Among the services Coinbase is now offering is staking, a process that allows crypto owners to contribute their assets to pools that help validate transactions on blockchains, and earn money doing it. Coinbase takes 25% of the fee given to those who contribute their assets to the pools, and passes the rest along to users. It’s still a small part of the company’s revenue base, but it rose 271% quarter over quarter and Todaro calls it “a major growth area for Coinbase.” Coinbase is also launching other yield-bearing accounts that can help the company move beyond transactions.

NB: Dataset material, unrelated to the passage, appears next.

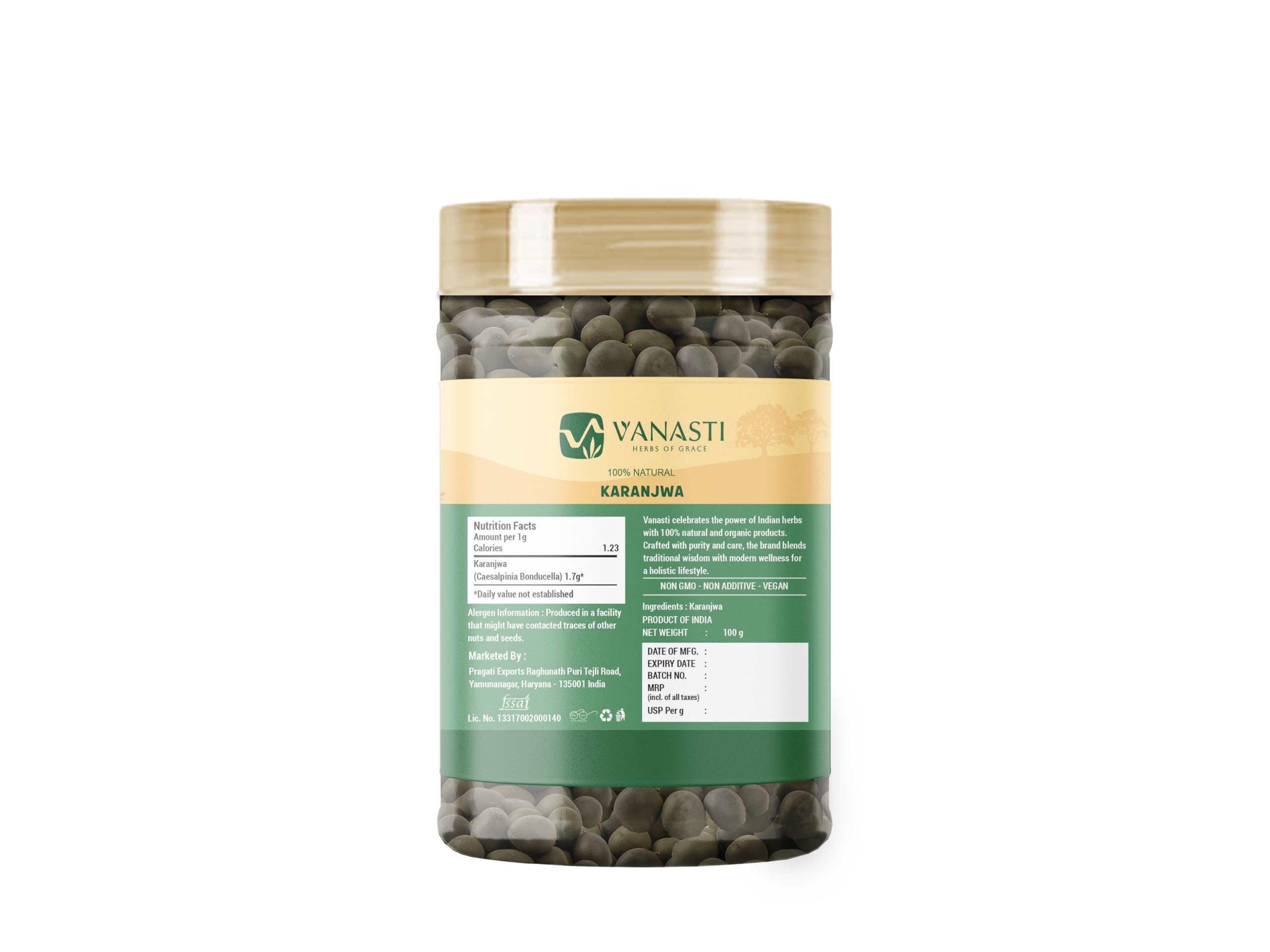 Karanjwa (Pongamia pinnata) is a hardy, medium-sized tree with glossy leaves and brown, oval seeds. The seeds, bark, and flowers contain plant compounds like flavonoids and fixed oils, along with trace minerals. While not commonly used in everyday cooking, parts of the tree are known for their role in natural products and sustainable industries.

The bearish case against Coinbase is that it charges high fees for each transaction, and will lose customers to companies like
Robinhood Markets
(HOOD), which does not charge upfront fees. Robinhood makes money from crypto in a similar way that it makes money from stocks, by taking a cut of the spread between the bid and ask prices on each transaction. In its latest quarter, Robinhood saw a huge jump in crypto trading, particularly for
Dogecoin.
“We’re very proud of the pricing and the cost that we offer to customers and especially relative to our competitors,” said Robinhood CEO Vlad Tenev on the company’s earnings call last week. “Some companies are charging multiple percents transaction fees and commissions. And Robinhood has been commission-free, and we’re proud of the deal that we offer, and I think customers choose us for that.”
Robinhood differs from Coinbase, however, in that users don’t hold their own crypto, given that they can’t transfer it off the platform.
Coinbase CFO Alesia Haas said on the company’s latest earnings call that “we do not compete on fees. And instead of focusing on being the lowest priced platform, we focus on providing the most value to customers, through our custody, our security and storage, in addition to trade execution, which is critical for bearer instruments like crypto.”
Todaro thinks that Coinbase’s fees are unlikely to drive users away because of the unique nature of cryptocurrencies. While stock-trading fees have fallen to zero for nearly all brokerage firms, crypto trading hasn’t been commoditized in the same way, given that owning and trading tokens is more complicated than dealing with stocks. Surveys have shown that users are more interested in an exchange or trading platform’s liquidity, uptime, and the range of tokens available, he says.
“In our view, Coinbase has done a good job of offering new assets and new products in a regulatory compliant manner, maintaining uptime, offering deep liquidity pools, and ensuring exchange reliability, as evidenced by the lack of a successful exchange hack,” he wrote.